### What you will do
Repeat, exactly as written, all of the entries, but not their pictures.

### Supplied data
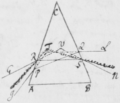 [17]Verùm cùm in experiendis prædictis, eam esse positionem Prismatis supposuerim ut radij ad utramque faciem Prismatis æqualiter refringantur: Conclusionis loco, dicam quâ ratione istud citò fiat, et facilè. Si Prisma teneatur in luce solari & motu lento circa suum axin convertatur, videbis colores quòs efficit, de loco in locum continuo motu translatos esse, ita quidem ut aliquando progredi, deinde verò regredi videantur. Observabis itáque medietatem inter istos contrarios motus, quando colores modò progressi et statim regressuri, videntur sistere. Quod ubi vides siste Prisma, et in eo situ fige. Dico factum. Scilicet in eo citu summa refractionum utrobique factarum, sive radij emergentis ad incidentem inclinatio evadit omnium minima; quod cum accidit, refractiones utrobique sunt æquales, uti posthac demonstrabitur.
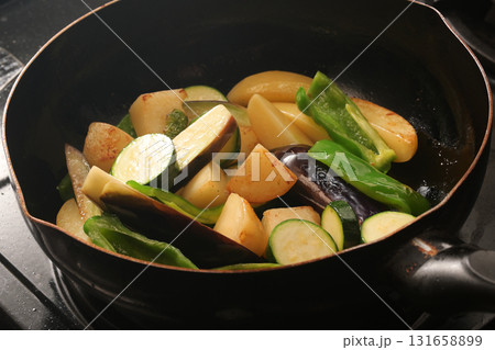 在鐵板上翻炒肉、蔬菜和烏龍麵
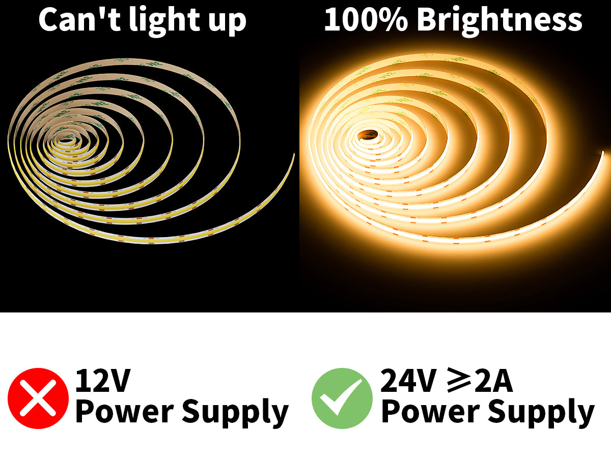 • 【COMPATIBLE ACCESSORIES】It can be dimmed with a single color dimmer, search for "PAUTIX RF dimmer for single color led light" to find the matching dimmer. Compatible with most Wi-Fi dimmers, Bluetooth controllers, RF remotes or IR controllers, etc. Compatible with 24V 2A or higher power supply (1.83-2.13 watts increase in rated power for each additional foot of strip length). Note:This COB strip light does not include power adapter and remote control
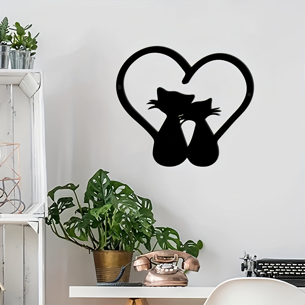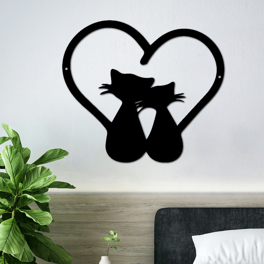 Cats And Heart Metal Wall Art Decoration
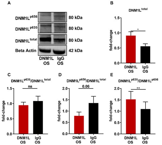 In contrast, the phosphorylation site DNM1Lp656/total expression level was considerably lower in the DNM1L OS group compared to the IgG OS (Figure 5D). Decreased DNM1Lp656 level might indicate increased mitochondrial fission [44]. Since the two phosphorylation sites synergistically regulate DNM1L activity, it is not sufficient to consider the expression level separately but to compare the ratios of both phosphorylation sites in combination (Figure 5E, DNM1Lp635/p656). This ratio was moderately but significantly increased in the DNM1L OS group compared with IgG OS, indicating increased mitochondrial fission.
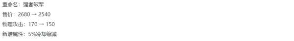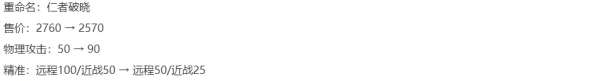 【解读】旧版的破晓被删除了,彻底改名为仁者破晓,除了价格又降低190金币之外,还提升了40点Ad,当然,精准效果的收益也下滑了50%。
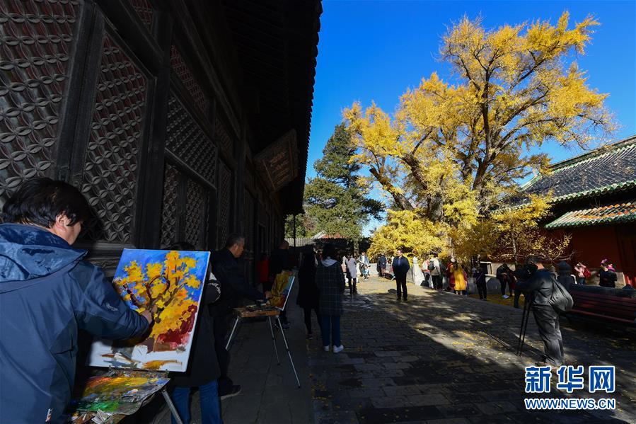 11月11日,绘画爱好者在大觉寺内的古银杏树旁写生。新华社记者 尹栋逊 摄
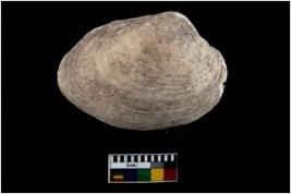 | Description / विवरण | Specimen of a large bivalve marine shell with ground edge. Probably used as spoon. |
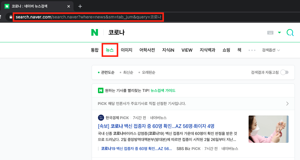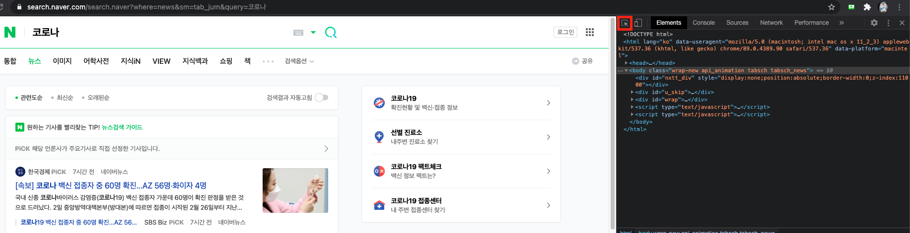 #step2.크롤링할 url 주소를 입력한다. (네이버에서 코로나 검색 후, 뉴스 탭 클릭)
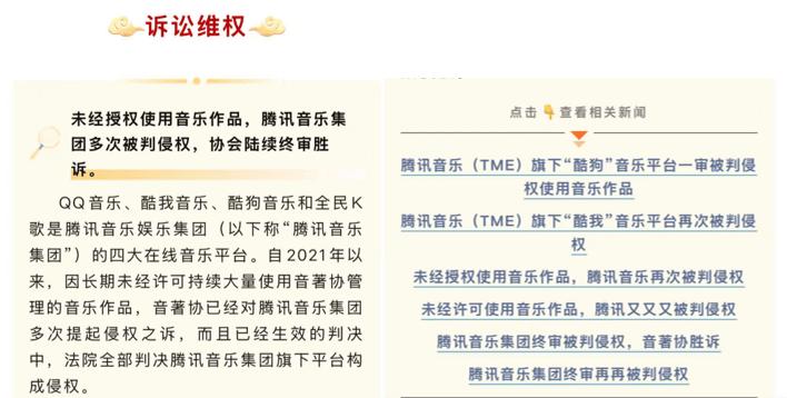 尽管腾讯音乐在其ESG报告中强调高度重视版权合规工作,与厂牌、版权集体管理组织合作获完整授权,建立合同履约跟踪与版权审核机制等方式避免侵权,并通过数字水印、区块链、AI 技术构建全链条防护体系等维护自身版权,但其与国内唯一的音乐著作权集体管理组织—中国音乐著作权协会之间的关系却一度陷入紧张。
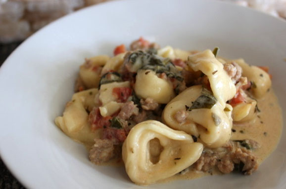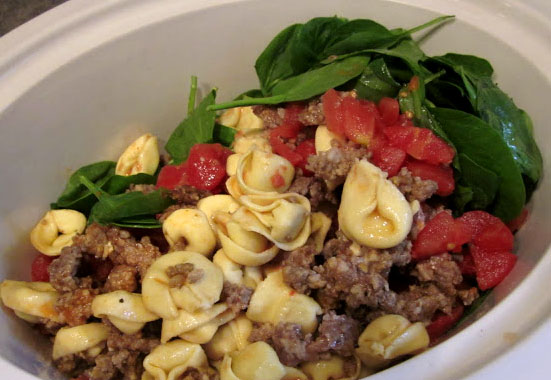 spinach_tortellini_crockpotRECIPE: Creamy Cheese Tortellini with Spinach, Tomatoes, Sausage & Pesto
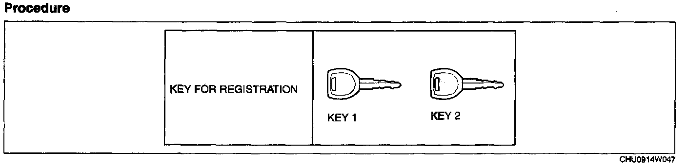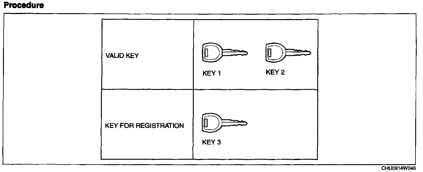 1. Using any key, turn the ignition switch to the ON position. (Either a valid or an unregistered key can be used.)
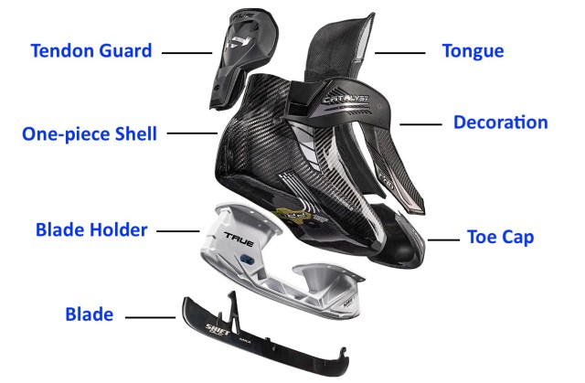For hockey-style skates, the construction of this one-piece shell is similar for both ice hockey and street hockey (with inline wheels). Following is an illustration of this shell with respect to the other parts of the boot.
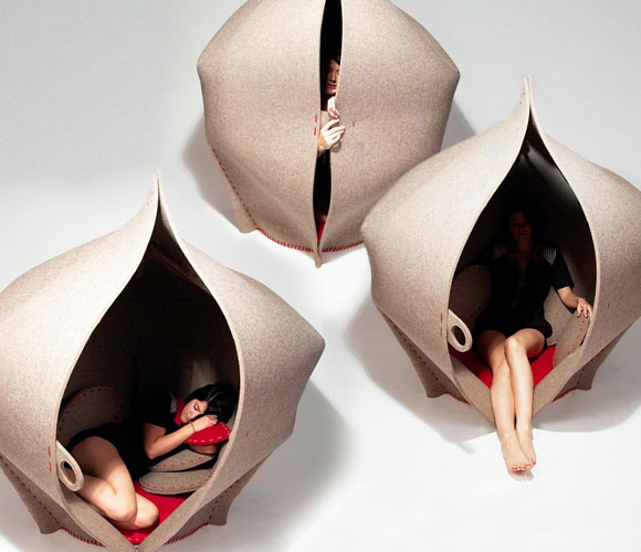 A designer britânica Freyja Sewell utilizou um casulo de feltro para criar um espaço íntimo e fechado que pode servir como um refúgio luxuoso para a solidão, um canto de trabalho, uma área de descanso tranquila ou um oásis de paz no meio de um espaço público movimentado.
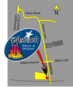 Head towards the River Exe, following the signs for Alphington, Marsh Barton, and Okehampton. On crossing the river, keep to the left lane and turn left at the lights into Haven Road. Follow the road to the right where it becomes Water Lane, you will pass The Range on the left. At the next crossroads, proceed ahead through the "Access only" sign into Tan Lane, and Pharaoh is in the area on the right immediately before the railway bridge.
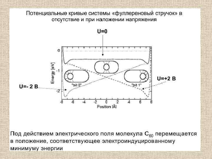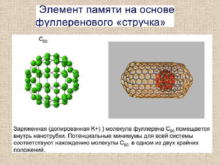 Проводимость Молекулярный кристалл фуллерена является полупроводником с запрещенной зоной ~1. 5 э. В и его свойства во многом аналогичны свойствам других полупроводников. Поэтому ряд исследований был связан с вопросами использования фуллеренов в качестве нового материала для традиционных приложений в электронике: диод, транзистор, фотоэлемент и т. п. Здесь их преимуществом по сравнению с традиционным кремнием является малое время фотоотклика (единицы нс). Однако существенным недостатком оказалось влияние кислорода на проводимость пленок фуллеренов и, следовательно, возникла необходимость в защитных покрытиях. В этом смысле более перспективно использовать молекулу фуллерена в качестве самостоятельного наноразмерного устройства и, в частности, усилительного элемента
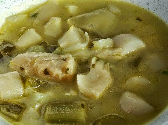 X-NONE X-NONE Plato de origen vasco o vasco navarro, la porrusalda, cuya traducción literal del euskera es caldo de puerro, consiste en una especie de sopa o estofado caldoso a base de verduras entre las que predomina el puerro, y parece que en su origen era sencillamente un caldo de puerros y patatas al que se añadía algún trozo de pescado para darle sabor. Como tantas otras recetas de la cocina tradicional, la porrusalda fue evolucionando, adaptándose a las disponibilidades de cada lugar y de cada despensa y a la imaginación de cada cocinero. Así, podemos encontrar auténticasporrusaldas con o sin zanahorias, con o sin calabaza, con costillas de cerdo, con cabeza de merluza, con butifarra... Y desde luego con bacalao, que es como vamos a prepararla hoy. Es un plato ideal para esta época del año, ligero, nutritivo, reconstituyente. Y económico. (En alguna parte he leído que no es necesario utilizar bacalao de gran calidad, alegando no sé qué extrañas razones de sabor. Me parece un error. La cantidad de bacalao necesaria para una buena porrusalda no encarece esta receta, el resto de cuyos ingredientes son realmente baratos. Use un buen bacalao y no se arrepentirá.)

### Output below
 [17]Verùm cùm in experiendis prædictis, eam esse positionem Prismatis supposuerim ut radij ad utramque faciem Prismatis æqualiter refringantur: Conclusionis loco, dicam quâ ratione istud citò fiat, et facilè. Si Prisma teneatur in luce solari & motu lento circa suum axin convertatur, videbis colores quòs efficit, de loco in locum continuo motu translatos esse, ita quidem ut aliquando progredi, deinde verò regredi videantur. Observabis itáque medietatem inter istos contrarios motus, quando colores modò progressi et statim regressuri, videntur sistere. Quod ubi vides siste Prisma, et in eo situ fige. Dico factum. Scilicet in eo citu summa refractionum utrobique factarum, sive radij emergentis ad incidentem inclinatio evadit omnium minima; quod cum accidit, refractiones utrobique sunt æquales, uti posthac demonstrabitur.
 在鐵板上翻炒肉、蔬菜和烏龍麵
 • 【COMPATIBLE ACCESSORIES】It can be dimmed with a single color dimmer, search for "PAUTIX RF dimmer for single color led light" to find the matching dimmer. Compatible with most Wi-Fi dimmers, Bluetooth controllers, RF remotes or IR controllers, etc. Compatible with 24V 2A or higher power supply (1.83-2.13 watts increase in rated power for each additional foot of strip length). Note:This COB strip light does not include power adapter and remote control
 Cats And Heart Metal Wall Art Decoration
 In contrast, the phosphorylation site DNM1Lp656/total expression level was considerably lower in the DNM1L OS group compared to the IgG OS (Figure 5D). Decreased DNM1Lp656 level might indicate increased mitochondrial fission [44]. Since the two phosphorylation sites synergistically regulate DNM1L activity, it is not sufficient to consider the expression level separately but to compare the ratios of both phosphorylation sites in combination (Figure 5E, DNM1Lp635/p656). This ratio was moderately but significantly increased in the DNM1L OS group compared with IgG OS, indicating increased mitochondrial fission.
 【解读】旧版的破晓被删除了,彻底改名为仁者破晓,除了价格又降低190金币之外,还提升了40点Ad,当然,精准效果的收益也下滑了50%。
 11月11日,绘画爱好者在大觉寺内的古银杏树旁写生。新华社记者 尹栋逊 摄
 | Description / विवरण | Specimen of a large bivalve marine shell with ground edge. Probably used as spoon. |
 #step2.크롤링할 url 주소를 입력한다. (네이버에서 코로나 검색 후, 뉴스 탭 클릭)
 尽管腾讯音乐在其ESG报告中强调高度重视版权合规工作,与厂牌、版权集体管理组织合作获完整授权,建立合同履约跟踪与版权审核机制等方式避免侵权,并通过数字水印、区块链、AI 技术构建全链条防护体系等维护自身版权,但其与国内唯一的音乐著作权集体管理组织—中国音乐著作权协会之间的关系却一度陷入紧张。
 spinach_tortellini_crockpotRECIPE: Creamy Cheese Tortellini with Spinach, Tomatoes, Sausage & Pesto
 1. Using any key, turn the ignition switch to the ON position. (Either a valid or an unregistered key can be used.)
For hockey-style skates, the construction of this one-piece shell is similar for both ice hockey and street hockey (with inline wheels). Following is an illustration of this shell with respect to the other parts of the boot.
 A designer britânica Freyja Sewell utilizou um casulo de feltro para criar um espaço íntimo e fechado que pode servir como um refúgio luxuoso para a solidão, um canto de trabalho, uma área de descanso tranquila ou um oásis de paz no meio de um espaço público movimentado.
 Head towards the River Exe, following the signs for Alphington, Marsh Barton, and Okehampton. On crossing the river, keep to the left lane and turn left at the lights into Haven Road. Follow the road to the right where it becomes Water Lane, you will pass The Range on the left. At the next crossroads, proceed ahead through the "Access only" sign into Tan Lane, and Pharaoh is in the area on the right immediately before the railway bridge.
 Проводимость Молекулярный кристалл фуллерена является полупроводником с запрещенной зоной ~1. 5 э. В и его свойства во многом аналогичны свойствам других полупроводников. Поэтому ряд исследований был связан с вопросами использования фуллеренов в качестве нового материала для традиционных приложений в электронике: диод, транзистор, фотоэлемент и т. п. Здесь их преимуществом по сравнению с традиционным кремнием является малое время фотоотклика (единицы нс). Однако существенным недостатком оказалось влияние кислорода на проводимость пленок фуллеренов и, следовательно, возникла необходимость в защитных покрытиях. В этом смысле более перспективно использовать молекулу фуллерена в качестве самостоятельного наноразмерного устройства и, в частности, усилительного элемента
 X-NONE X-NONE Plato de origen vasco o vasco navarro, la porrusalda, cuya traducción literal del euskera es caldo de puerro, consiste en una especie de sopa o estofado caldoso a base de verduras entre las que predomina el puerro, y parece que en su origen era sencillamente un caldo de puerros y patatas al que se añadía algún trozo de pescado para darle sabor. Como tantas otras recetas de la cocina tradicional, la porrusalda fue evolucionando, adaptándose a las disponibilidades de cada lugar y de cada despensa y a la imaginación de cada cocinero. Así, podemos encontrar auténticasporrusaldas con o sin zanahorias, con o sin calabaza, con costillas de cerdo, con cabeza de merluza, con butifarra... Y desde luego con bacalao, que es como vamos a prepararla hoy. Es un plato ideal para esta época del año, ligero, nutritivo, reconstituyente. Y económico. (En alguna parte he leído que no es necesario utilizar bacalao de gran calidad, alegando no sé qué extrañas razones de sabor. Me parece un error. La cantidad de bacalao necesaria para una buena porrusalda no encarece esta receta, el resto de cuyos ingredientes son realmente baratos. Use un buen bacalao y no se arrepentirá.)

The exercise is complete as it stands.